Secondly, we link the current spell of rapid growth in India to certain developments in the world economy and large inflows of speculative capital from the developed countries. That is, the current high ‘growth’ is not essentially an internally generated phenomenon, but an externally induced one. Moreover, the increasing financialisation of capital in the imperialist economies has brought some changes in the operation of imperialism here. Among the by-products of the changes in the world economy is the emergence of Indian firms as ‘multinationals’, powered partly by foreign capital. However, the increased integration of the Indian economy with the highly financialised global economy implies that the impending crisis in the latter, and particularly the long-term downturn in the trajectory of the leading imperialist power, may transmit both shocks and stagnation here.  

Thirdly, we sketch the pattern of growth of the private sector in this period of boom. We showed how foreign inflows have generated a boom in credit, which, given the structure of the economy, fueled a consumerist surge concentrated among the better-off; this in turn spurred growth in a range of industries catering to this demand. However, this market necessarily remained narrow. Inevitably, the push for rapid growth on such a narrow base took the form of ‘enclaves’ catering to export or the elite: the software and BPO industries, the SEZs, and ‘infrastructure’ projects fenced off from the requirements of the rest of economy.

Fourthly, we describe a significant element in the economy’s ‘growth’: the large-scale capture of natural resources by the private corporate sector, using the State machinery. As this pattern of resource capture progresses, it results in large-scale destitution of the already depressed sections of the rural population – even as it shows up as growth in GDP.

Fifthly, we illustrate the manner in which various flourishing industries – health care, real estate, organised retail, luxury industries – either caused or required economic exclusion of the working people as an essential part of their growth.

Sixthly, we show how, while neo-liberalism talks of the need for the State to retreat from economic intervention, it actually requires active State intervention in order to transfer surplus to the private corporate sector on a massive scale.
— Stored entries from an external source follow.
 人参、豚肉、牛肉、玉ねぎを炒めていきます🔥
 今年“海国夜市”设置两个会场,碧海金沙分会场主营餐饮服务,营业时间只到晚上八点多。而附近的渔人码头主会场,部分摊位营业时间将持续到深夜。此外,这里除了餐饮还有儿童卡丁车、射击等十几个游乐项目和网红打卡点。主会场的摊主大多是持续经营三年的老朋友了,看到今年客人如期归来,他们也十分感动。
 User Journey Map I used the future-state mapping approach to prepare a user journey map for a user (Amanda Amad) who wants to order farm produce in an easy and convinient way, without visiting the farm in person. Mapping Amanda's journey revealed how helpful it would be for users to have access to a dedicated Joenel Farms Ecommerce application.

Here we talk of various forms of privatisation and the array of subsidies provided to the corporate sector.

Seventhly, as a natural outcome of this pattern of growth, extreme inequalities have developed in Indian society. They have progressed to the point where among ruling class circles, and even within international financial institutions, some have raised the alarm, pointing to the threat of grave social disorder. Yet these alarms have little meaning; the present order is quite incapable of moderating inequalities.
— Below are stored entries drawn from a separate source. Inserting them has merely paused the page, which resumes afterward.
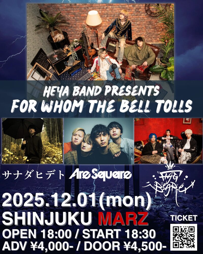 HEYA BAND presents for whom the bell tolls SCHEDULE 2025/12/01(月) 新宿MARZ 【⚡️LIVE INFORMATION ⚡️】 HEYA BAND presentsfor whom the bell tolls12/01(月) @新宿MARZ開場18:00/開演18:30前売り¥4,000-/当日¥4,500-(D代別) Act:部屋BAND/Are Square/flagbearer/サナダヒデト TICKET🎫 URLをコピーする 報告する
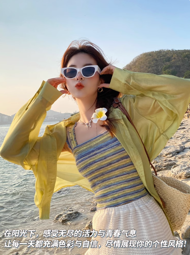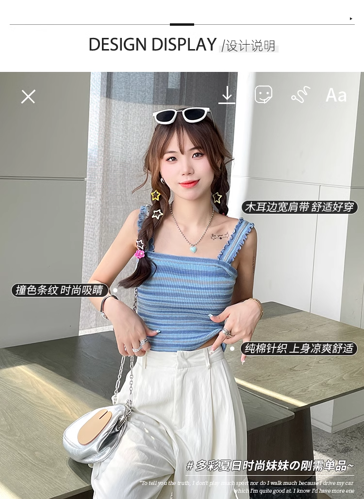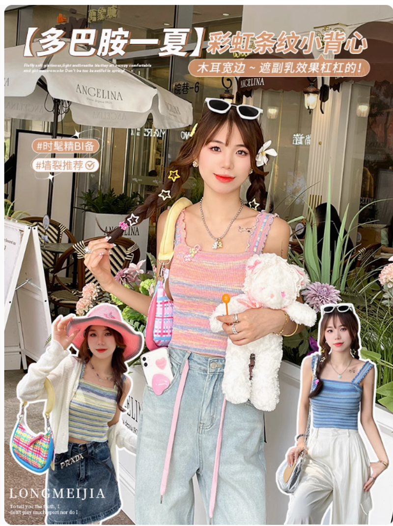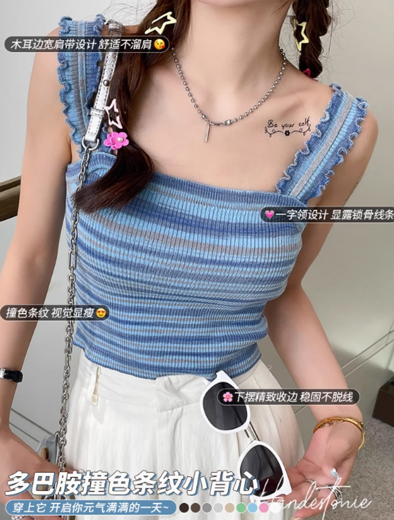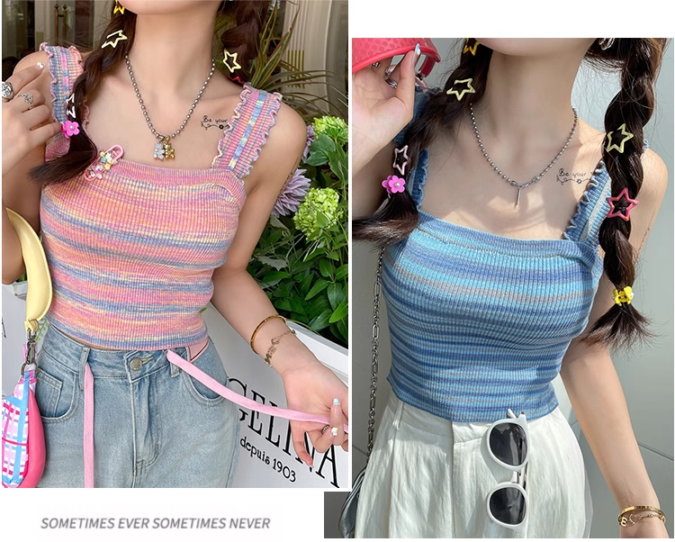 多巴胺穿搭辣妹小吊带女士内搭夏季绝美针织上衣彩色条纹背心外穿
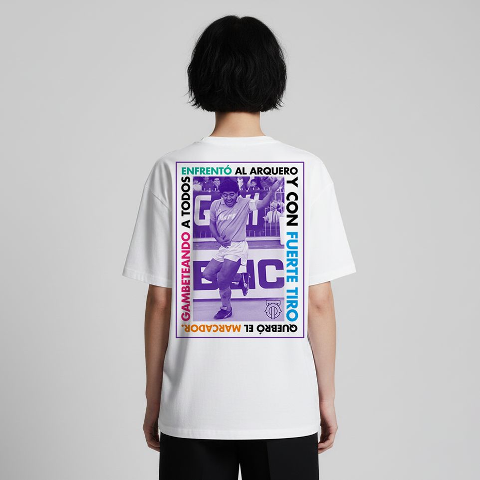 In this case evokes the famous soccer idol DIEGO MARADONA and the tango “El sueño del pibe”.

Finally, we discuss the extraordinary growth of the financial sector within a small enclave of the Indian economy – a necessary consequence of integration with global financial markets even as the internal economy remains disarticulated. This integration has yielded foreign investors breathtaking returns; it has also placed the Indian economy on a precipice. The impending troubles of the world economy now will have a more direct impact here. Further, even in the absence of a crash, the demands of foreign speculative capital – such as the introduction of capital account convertibility and the transformation of Mumbai into an international financial centre – require the further subordination of the productive economy of the vast majority to the financial-speculative island.
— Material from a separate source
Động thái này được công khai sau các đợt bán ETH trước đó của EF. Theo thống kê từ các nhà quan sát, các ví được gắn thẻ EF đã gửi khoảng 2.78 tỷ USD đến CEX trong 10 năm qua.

An alternative path of development must be based on transforming agrarian relations: This would be the prerequisite for accumulation in the vast agrarian sector, and in turn would create scope for generating manifold internal linkages in the economy – between sectors, within sectors. Growth rates would not seem so spectacular, but the growth would be meaningful for the people and be more reliable, because based on an internal dynamic. Moreover, the process of transforming agrarian relations would bring to the fore long-suppressed social forces capable of pursuing a development path in favour of the vast mass of people – whose productive energies too would be progressively unleashed in this course.